Magnetic Resonance Imaging (MRI) is an imaging modality that has been developed and used since mid-1970s [1]. MRI has several advantages over computed tomography and ultrasonography.
One important feature is its non-invasiveness. A second feature that makes MRI particularly attractive is its capability for multiplanar imaging. A third advantage of MRI is its excellent tissue-differentiating capabilities. A fourth advantage of MRI is its intrinsic sensitivity to flowing blood. Both arterial and venous abnormalities can be assessed by MRI [1].
The indications for MRI for utero-ovarian lesions have expanded considerably over the past decade. The impetus behind these expanding indications is multifactorial. First, there has been widespread dissemination of MR hardware and software techniques that allow the routine acquisition of images with high spatial or temporal resolution. Second, the advent of minimally invasive therapies in the management of gynaecologic disorders has created a need for increased accuracy in the preoperative evaluation of these patients, Finally, in this era of cost containment, several studies have shown that the appropriate use of MR imaging in the diagnostic algorithm minimizes cost [2]. Some of the indications for MRI evaluation of the female genital tract are: infertility, congenital anomalies [3], ovarian and cervical lesions, pelvic inflammatory disease etc.
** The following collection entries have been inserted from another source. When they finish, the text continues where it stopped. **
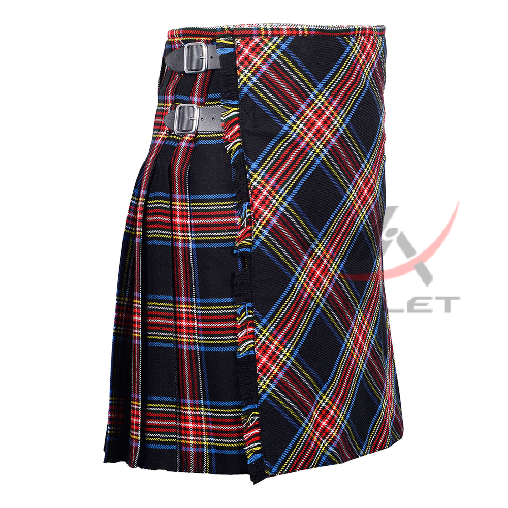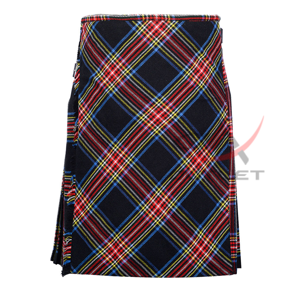 Bias Cut Black Stewart Tartan Traditional 8 Yard Scottish Kilt
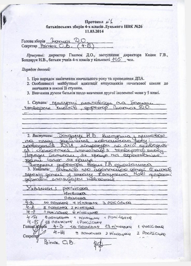Керівник школи спростовував слова батьків і переконував, що вчителі ніякої агітації серед батьків за вибір якоїсь однієї мови не вели. Лічильна комісія, складена з представників від кожного 4-го класу, порахувала результати за зібраними анкетами і оголосила їх по кожному класу. Тож вибір батьків було зареєстровано і оголошена загальна ухвала. Заперечень і зауважень у батьків не було. Протокол батьківських зборів надав для оприлюднення.
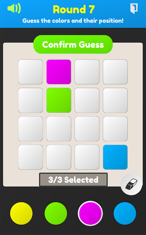 In this grid of squares you will need to memorize the colored squares and their position in the grid before the time runs out, where the grid will switch back to blank tiles. If you guess correctly, you will move on to the next round. If you fail your guess, the game is over.
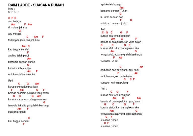 Chord suasana rumah aku terjaga di malam jakarta aku merasa terlampau jauh dari pelukmu kau tinggal sendiri kau tinggal sendiri kurasa aku terlampau jauh berada di dalam pelukan yang salah kurasa status kan bahagiakan aku ternyata tak ada yang lebih berharga suasana rumah by raim. A d sepanjang perjalanan cintamu e a kau puji aku setiap waktu f#m bm tapi kenyataannya berlawanan d e kutak pernah ada baiknya. Kumpulan kunci gitar lagu rohani kristen halo semuanya apa kabar, pasti luar biasa ya, beikut kembali kami berika untuk anda chord gitar untuk lagu lagu rohani kristen, semoga dapat membantu dan menghibur , jika ada komentar silahkan berikan dibawah ya, terimakasi…read more. Semoga yang melihat chord ini dapat bermai gitar yang berjudul dang penghianat au inilah chord gitarnya ya bro. Chord dasar kunci gitar & lirik lagu ©chordtela.com. Dibawah ini kami sajikan untuk anda kunci gitar salah original. G c em d g c em d g. Download lagu raim laode suasana rumah (3.22mb) dan streaming kumpulan lagu raim laode download lagu raim laode suasana rumah mp3 dapat kamu download secara gratis di chord gang dan mudah suasana rumah by raim laode g. H2m official 18 september 2019.
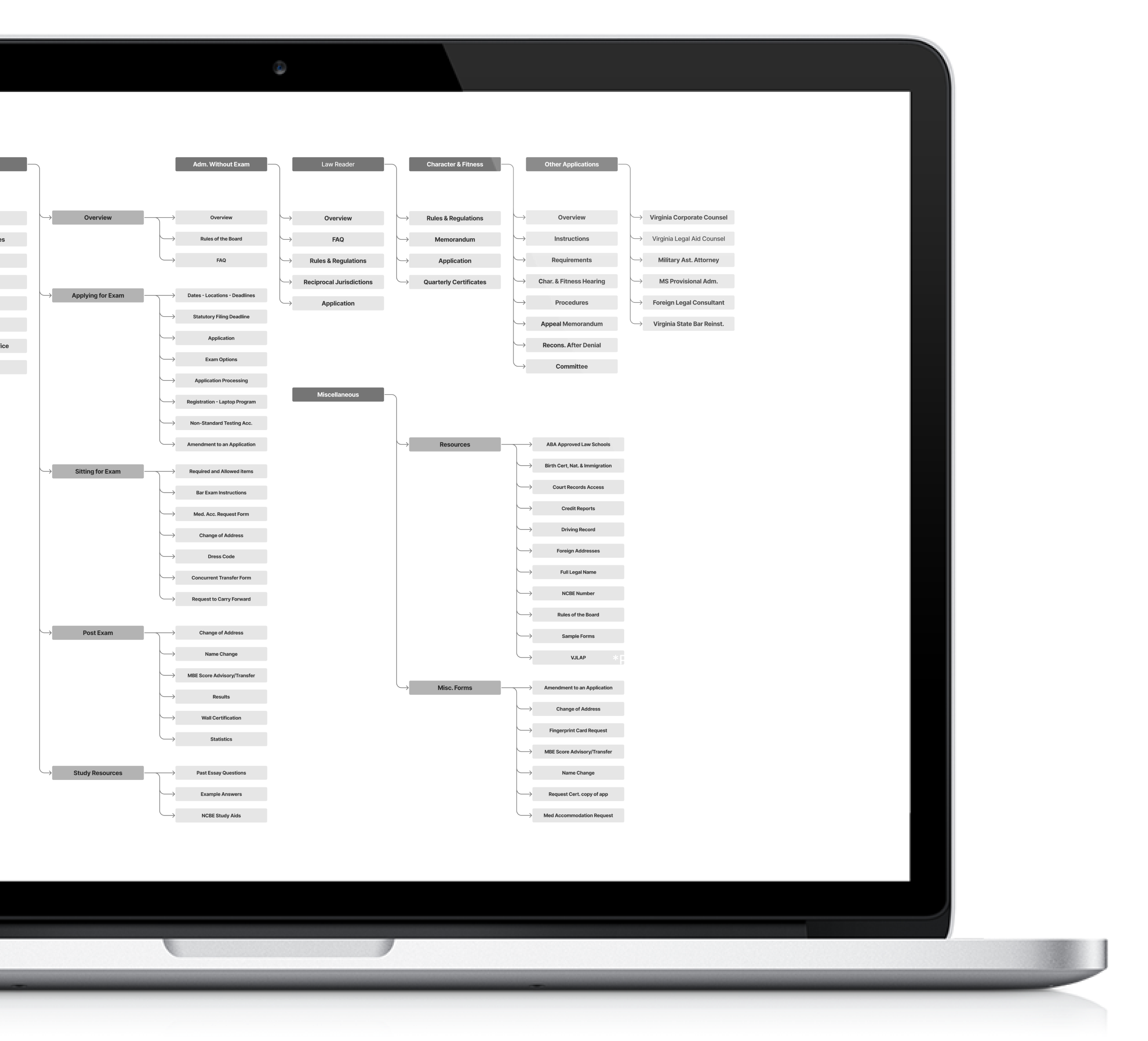To showcase my workflow methodology, I will leverage the redesign of the Virginia Bar Admissions site, providing a tangible example of how I approach and execute my work.
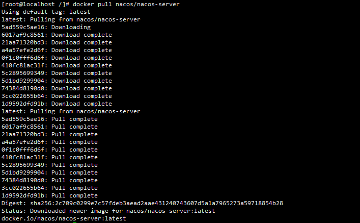 2. 拉取镜像:docker pull nacos/nacos-server:latest;
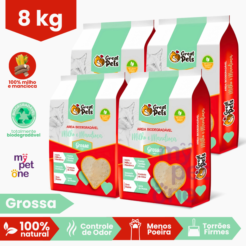 Kit 4 Areia Biodegradável Grossa 2 Kg para Gatos - Great Pets

MRI of the adult female pelvis is a well-established tool in the evaluation of utero-ovarian lesions and is often used as a supplement to ultrasonography. The need for diagnostic surgical intervention has largely been eclipsed with the advent of MRI, which has become the imaging modality of choice for characterization of congenital Mullerian anomalies [4].
MRI is gaining momentum for staging gynaecologic malignancies. Ovarian cancer is the second most common pelvic tumour and the leading cause of death from gynaecologic malignancy. In patients with ovarian cancer, MRI determination of disease extent helps treatment planning either as a surgical roadmap or to identify non resectable patients. MRI staging is adjunct to clinical and surgical staging in women with cervical or endometrial cancer, respectively [5,6].
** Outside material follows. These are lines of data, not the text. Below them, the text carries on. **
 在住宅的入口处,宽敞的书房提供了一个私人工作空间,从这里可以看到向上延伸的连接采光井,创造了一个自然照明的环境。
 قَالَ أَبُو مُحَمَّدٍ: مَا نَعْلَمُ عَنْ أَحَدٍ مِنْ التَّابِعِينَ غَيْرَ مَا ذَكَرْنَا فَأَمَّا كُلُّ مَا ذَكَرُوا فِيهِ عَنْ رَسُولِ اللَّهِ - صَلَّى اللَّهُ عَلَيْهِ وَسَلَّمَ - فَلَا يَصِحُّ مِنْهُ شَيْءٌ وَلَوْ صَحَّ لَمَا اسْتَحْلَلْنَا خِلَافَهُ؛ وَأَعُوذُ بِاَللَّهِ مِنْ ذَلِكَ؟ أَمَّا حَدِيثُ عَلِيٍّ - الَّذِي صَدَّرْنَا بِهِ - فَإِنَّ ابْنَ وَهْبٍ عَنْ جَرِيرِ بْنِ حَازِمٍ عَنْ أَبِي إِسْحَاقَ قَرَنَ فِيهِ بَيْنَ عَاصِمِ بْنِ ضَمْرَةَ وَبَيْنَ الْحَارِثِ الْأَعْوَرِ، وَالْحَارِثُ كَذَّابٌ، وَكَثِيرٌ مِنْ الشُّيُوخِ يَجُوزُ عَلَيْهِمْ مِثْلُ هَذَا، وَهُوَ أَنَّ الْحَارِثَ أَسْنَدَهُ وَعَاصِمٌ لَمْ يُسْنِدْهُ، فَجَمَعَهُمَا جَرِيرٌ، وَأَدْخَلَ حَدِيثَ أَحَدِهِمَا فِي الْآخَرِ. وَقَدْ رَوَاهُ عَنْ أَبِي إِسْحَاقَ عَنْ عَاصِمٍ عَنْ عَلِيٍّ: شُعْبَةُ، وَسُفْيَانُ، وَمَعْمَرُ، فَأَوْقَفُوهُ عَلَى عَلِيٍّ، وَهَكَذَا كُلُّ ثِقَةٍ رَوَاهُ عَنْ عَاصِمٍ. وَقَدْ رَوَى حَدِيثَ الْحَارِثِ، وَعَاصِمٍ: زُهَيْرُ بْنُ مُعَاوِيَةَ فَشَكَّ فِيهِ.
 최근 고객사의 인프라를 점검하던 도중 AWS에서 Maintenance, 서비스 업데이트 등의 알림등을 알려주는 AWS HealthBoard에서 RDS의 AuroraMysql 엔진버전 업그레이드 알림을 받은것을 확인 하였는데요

Therefore, an adnexal mass that appears suspicious at USG may be correctly diagnosed as a benign lesion at MR, preventing inappropriate radical surgery. MR is the most useful modality for evaluating adnexal lesions that are indeterminate at gray-scale ultrasound. Therefore, the study was carried out to assess the role of MRI in female pelvic mass lesion and to exploit the tissue characterization capability of MRI with few secondary aims like to study the spectrum of diverse nature of pelvic mass lesions, to determine the origin, tissue content and characterization of sonographically inconclusive uterine and adnexal masses, and to differentiate utero-ovarian lesions as neoplastic and non-neoplastic.
Materials and Methods
A prospective observational study was done in Department of Radiodiagnosis, Krishna Hospital, Karad, Maharashtra, India, for MRI pelvis with clinically suspected uterine and adnexal masses or with indeterminate diagnosis on ultrasonography. Over the study period of two years, from September 2014 to August 2016, 128 patients were referred for MRI pelvis, out of which 100 patients fulfilled our inclusion criteria and formed the sample size. Study was conducted after taking the institutional ethical clearance. Inclusion criteria were all patients with clinically suspected uterine and adnexal masses or with indeterminate diagnosis on sonography, non-pregnant females and patients of all age groups. Exclusion criteria were pregnant females, patients having any metallic implants, patients having history of claustrophobia, and all patients who do not consent to be a part of the study.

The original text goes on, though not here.